Cryptococcosis is a disease produced by species of Cryptococcus, which are unique in their capsular polysaccharides. This feature has been targeted for developing diagnostic tests that identify cryptococcal antigen (CrAg) (KOZEL & BAUMAN, 2012). Globally, most cases of cryptococcosis are caused byCryptococcus neoformans (serotypes A and D). C. neoformans var. grubii (serotype A) has a worldwide distribution and accounts for more than 90% of all cases of cryptococcosis, particularly in persons with acquired immunodeficiency syndrome (AIDS) (LITVINTSEVA et al., 2011). C. neoformans var. neoformans (serotype D) also has a global distribution, but clinical cases are concentrated in Europe. C. gattii (serotypes B and C), has traditionally been recognized a "tropical or subtropical fungus". The spread of C. gattii infection into new geographic areas was heralded by an ongoing outbreak that began in Vancouver Island, Canada and then was observed in other regions of British Columbia and the northwestern United States. Historically, our understanding is thatC. gattii causes disease predominantly in persons with apparently "normal" immune system. However, more recently, new risk groups have been recognized, including patients with human immunodeficiency virus (HIV) and other immunodeficiencies, particularly auto-antibodies against granulocyte-macrophage colony stimulating factor (GM-CSF) (CHEN et al., 2014).

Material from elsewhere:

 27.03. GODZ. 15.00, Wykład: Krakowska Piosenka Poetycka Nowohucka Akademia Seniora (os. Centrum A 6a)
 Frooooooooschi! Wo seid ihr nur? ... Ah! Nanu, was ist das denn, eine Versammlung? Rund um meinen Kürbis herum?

Here, we will review the epidemiology of the current scenario of cryptococcal meningitis in HIV-infected persons, the strategies to reduce mortality and morbidity due to AIDS-related cryptococcal meningitis, and how CrAg lateral flow assay (CrAg LFA) can be useful in this context.

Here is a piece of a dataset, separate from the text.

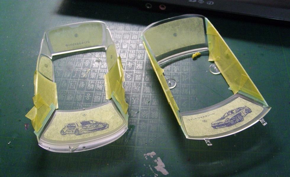 1. 바디 컬러를 뿌린 뒤, 마스킹해서 고무패킹 칠하고, 데칼 및 광택작업이최종 마무리 된 후, 다시 창틀만 마스킹해서 무광혹은 반광으로 표현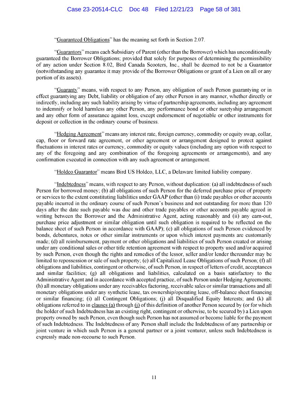 “Guaranteed Obligations” has the meaning set forth in Section 2.07. “Guarantors” means each Subsidiary of Parent (other than the Borrower) which has unconditionally guaranteed the Borrower Obligations; provided that solely for purposes of determining the permissibility of any action under Section 8.02, Bird Canada Scooters, Inc., shall be deemed to not be a Guarantor (notwithstanding any guarantee it may provide of the Borrower Obligations or grant of a Lien on all or any portion of its assets). “Guaranty” means, with respect to any Person, any obligation of such Person guarantying or in effect guarantying any Debt, liability or obligation of any other Person in any manner, whether directly or indirectly, including any such liability arising by virtue of partnership agreements, including any agreement to indemnify or hold harmless any other Person, any performance bond or other suretyship arrangement and any other form of assurance against loss, except endorsement of negotiable or other instruments for deposit or collection in the ordinary course of business. “Hedging Agreement” means any interest rate, foreign currency, commodity or equity swap, collar, cap, floor or forward rate agreement, or other agreement or arrangement designed to protect against fluctuations in interest rates or currency, commodity or equity values (including any option with respect to any of the foregoing and any combination of the foregoing agreements or arrangements), and any confirmation executed in connection with any such agreement or arrangement. “Holdco Guarantor” means Bird US Holdco, LLC, a Delaware limited liability company. “Indebtedness” means, with respect to any Person, without duplication: (a) all indebtedness of such Person for borrowed money; (b) all obligations of such Person for the deferred purchase price of property or services to the extent constituting liabilities under GAAP (other than (i) trade payables or other accounts payable incurred in the ordinary course of such Person’s business and not outstanding for more than 120 days after the date such payable was due and other trade payables or other accounts payable agreed in writing between the Borrower and the Administrative Agent, acting reasonably and (ii) any eam-out, purchase price adjustment or similar obligation until such obligation is required to be reflected on the balance sheet of such Person in accordance with GAAP); (c) all obligations of such Person evidenced by bonds, debentures, notes or other similar instruments or upon which interest payments are customarily made; (d) all reimbursement, payment or other obligations and liabilities of such Person created or arising under any conditional sales or other title retention agreement with respect to property used and/or acquired by such Person, even though the rights and remedies of the lessor, seller and/or lender thereunder may be limited to repossession or sale of such property; (e) all Capitalized Lease Obligations of such Person; (f) all obligations and liabilities, contingent or otherwise, of such Person, in respect of letters of credit, acceptances and similar facilities; (g) all obligations and liabilities, calculated on a basis satisfactory to the Administrative Agent and in accordance with accepted practice, of such Person under Hedging Agreements; (h) all monetary obligations under any receivables factoring, receivable sales or similar transactions and all monetary obligations under any synthetic lease, tax ownership/operating lease, off-balance sheet financing or similar financing; (i) all Contingent Obligations; (j) all Disqualified Equity Interests; and (k) all obligations referred to in clauses (a) through (j) of this definition of another Person secured by (or for which the holder of such Indebtedness has an existing right, contingent or otherwise, to be secured by) a Lien upon property owned by such Person, even though such Person has not assumed or become liable for the payment of such Indebtedness. The Indebtedness of any Person shall include the Indebtedness of any partnership or joint venture in which such Person is a general partner or a joint venturer, unless such Indebtedness is expressly made non-recourse to such Person. 11 Case 23-20514-CLC Doc 48 Filed 12/21/23 Page 58 of 381

Global burden of cryptococcal meningitis in HIV-infected patients

AIDS-related cryptococcal meningitis causes approximately 15% of AIDS-related mortality annually (PARK et al., 2009). Sub-Saharan Africa has the highest burden, where Cryptococcus is the most common cause of adult meningitis (JARVIS et al., 2010; RAJASINGHAMet al., 2015), but Latin America is the third global region with most cases with 54,400 estimated cryptococcal meningitis cases annually in 2008 (PARK et al., 2009). More recent 2015 estimates of cryptococcal meningitis incidence in Latin America are approximately 10,000 cases annually (RAJASINGHAM, unpublished data).

There has been a massive expansion of access to antiretroviral therapy (ART) in Latin America. AIDS-associated cryptococcal meningitis has decreased dramatically in the ART era (GUIMARÃES 2000; MIRZA et al., 2003; DROMER et al., 2004; JARVIS & HARRISON, 2007; GRECO & SIMAO, 2007). However, the impact of ART in reducing cryptococcosis appears to be less in low and middle-income countries with suboptimal access to ART.

Mortality of AIDS-related cryptococcal meningitis

Currently, cryptococcal meningitis represents the main cause of HIV-related opportunistic meningitis in Brazil (OLIVEIRA et al., 2006; VIDAL et al., 2008; LEIMANN & KOIFMAN, 2009), and in most low and middle-income countries (HARRISON, 2009). Mortality continues to be unacceptable high. In retrospective and prospective hospital-based studies performed in Brazil and Argentina, the case fatality rates have ranged from 26% to 63% (METTA et al., 2002; PASQUALOTTO et al., 2004; MOREIRA et al., 2006; MÓNACO & TAMAYO ANTABAK, 2008; LINDENBERG et al., 2008; VIDAL et al., 2012). This figure is similar to 24 - 50% reported in interventional studies carried out in Africa and Asia (BICANIC et al., 2007; BICANIC et al., 2009; JARVIS et al., 2009; JARVIS et al., 2014). In contrast, mortality ranges from 2.5% to 25% in high resource countries (KAPLAN et al., 2000; DROMER et al., 2004; D'ARMINIO MONFORTEet al., 2004; DILLEY et al., 2005; LORTHOLARY et al., 2006; DROMER et al., 2007; ANTINORI et al., 2008). Thus, improved outcomes are possible.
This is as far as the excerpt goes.